### DATASET CONTENT
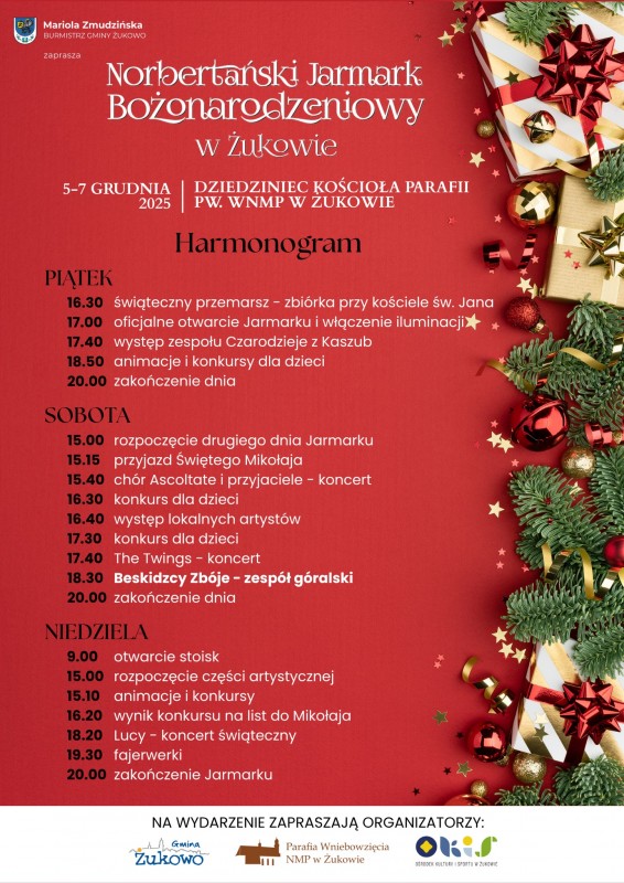 - Gorąco zapraszam wszystkich mieszkańców naszej gminy na tegoroczny Norbertański Jarmark Bożonarodzeniowy w Żukowie. Zapraszam również mieszkańców z innych gmin, którzy zachcą odwiedzić Żukowo i skorzystać z oferty stoisk specjalnie przygotowanych dla Państwa w tym roku. Tradycyjnie zaprezentują się nasi partnerzy z gminy Świdnica oraz Francji i Niemiec. Nie zabraknie koncertów i atrakcji dla najmłodszych. Pojawi się Mikołaj, będą świetlne iluminacje. Szczególnie zapraszam na stoiska Kół Gospodyń Wiejskich z naszej gminy. Spotykamy się w piątek, sobotę i niedzielę - zaprasza Mariola Zmudzińska, Burmistrz Gminy Żukowo.
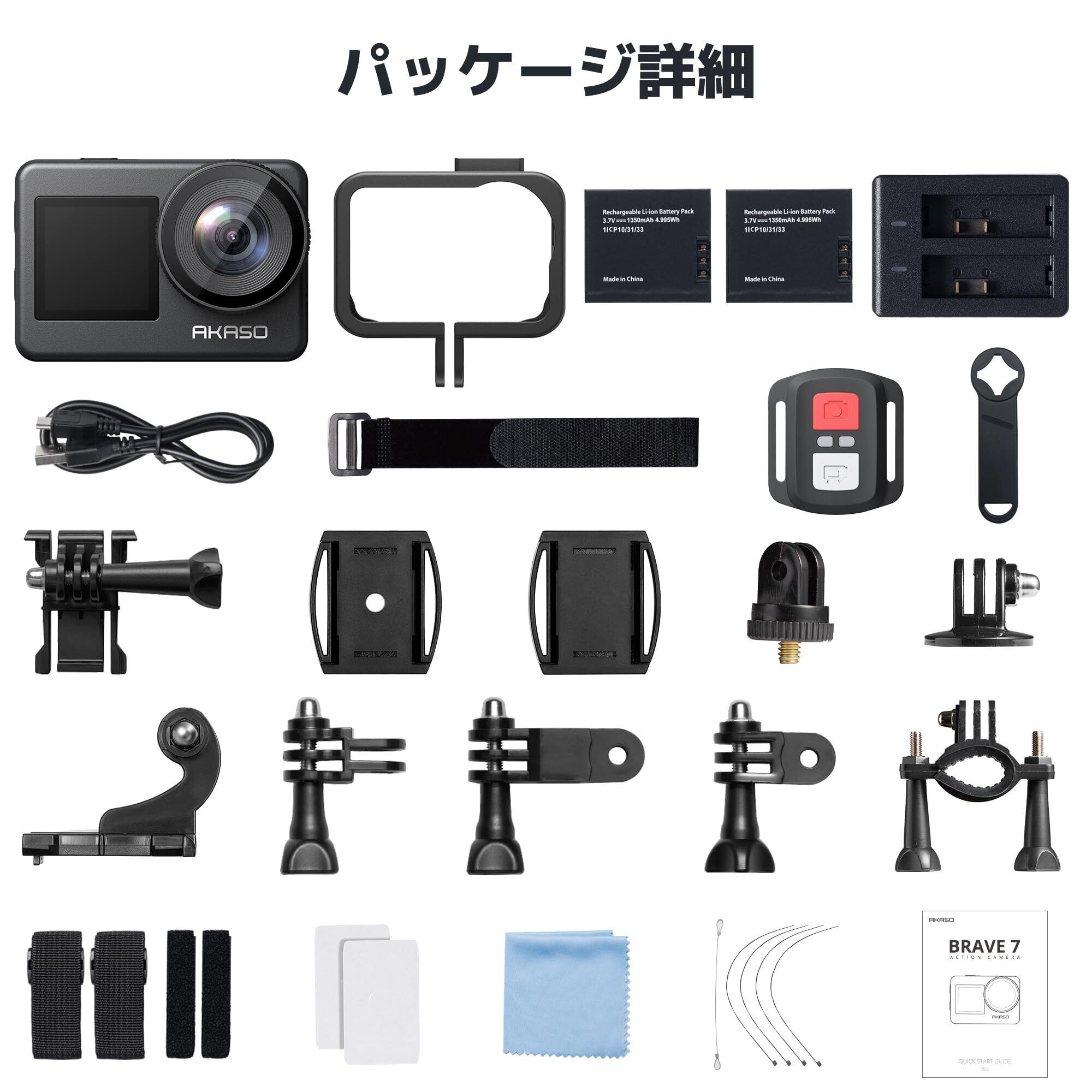 【豊富なアクセサリー】AKASO Brave7 アクションカムは1350mAhバッテリー2個と各種のアクセサリーが付属して、アウトドア撮影としては十分になります。ヘルメット、自撮り棒や車に取り付け、いろんなシーンで活用することが可能です。※ご注意ください:AKASO Brave7 アップグレードバージョンを購入された場合は、公式サイトのマニュアル「19D」を参照してください。
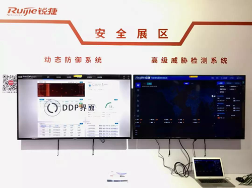 在等保2.0的大背景下,本次大會銳捷在安全展區展出了高級威脅監測系統、態勢感知和病毒克星-動態防御系統,通過構建及時變化、持續進化的“動態安全”體系為客戶打造安全可靠的網絡環境。

### WHAT TO PRODUCE
Please repeat all of the data exactly, excluding images.

### TASK RESULT
 - Gorąco zapraszam wszystkich mieszkańców naszej gminy na tegoroczny Norbertański Jarmark Bożonarodzeniowy w Żukowie. Zapraszam również mieszkańców z innych gmin, którzy zachcą odwiedzić Żukowo i skorzystać z oferty stoisk specjalnie przygotowanych dla Państwa w tym roku. Tradycyjnie zaprezentują się nasi partnerzy z gminy Świdnica oraz Francji i Niemiec. Nie zabraknie koncertów i atrakcji dla najmłodszych. Pojawi się Mikołaj, będą świetlne iluminacje. Szczególnie zapraszam na stoiska Kół Gospodyń Wiejskich z naszej gminy. Spotykamy się w piątek, sobotę i niedzielę - zaprasza Mariola Zmudzińska, Burmistrz Gminy Żukowo.
 【豊富なアクセサリー】AKASO Brave7 アクションカムは1350mAhバッテリー2個と各種のアクセサリーが付属して、アウトドア撮影としては十分になります。ヘルメット、自撮り棒や車に取り付け、いろんなシーンで活用することが可能です。※ご注意ください:AKASO Brave7 アップグレードバージョンを購入された場合は、公式サイトのマニュアル「19D」を参照してください。
 在等保2.0的大背景下,本次大會銳捷在安全展區展出了高級威脅監測系統、態勢感知和病毒克星-動態防御系統,通過構建及時變化、持續進化的“動態安全”體系為客戶打造安全可靠的網絡環境。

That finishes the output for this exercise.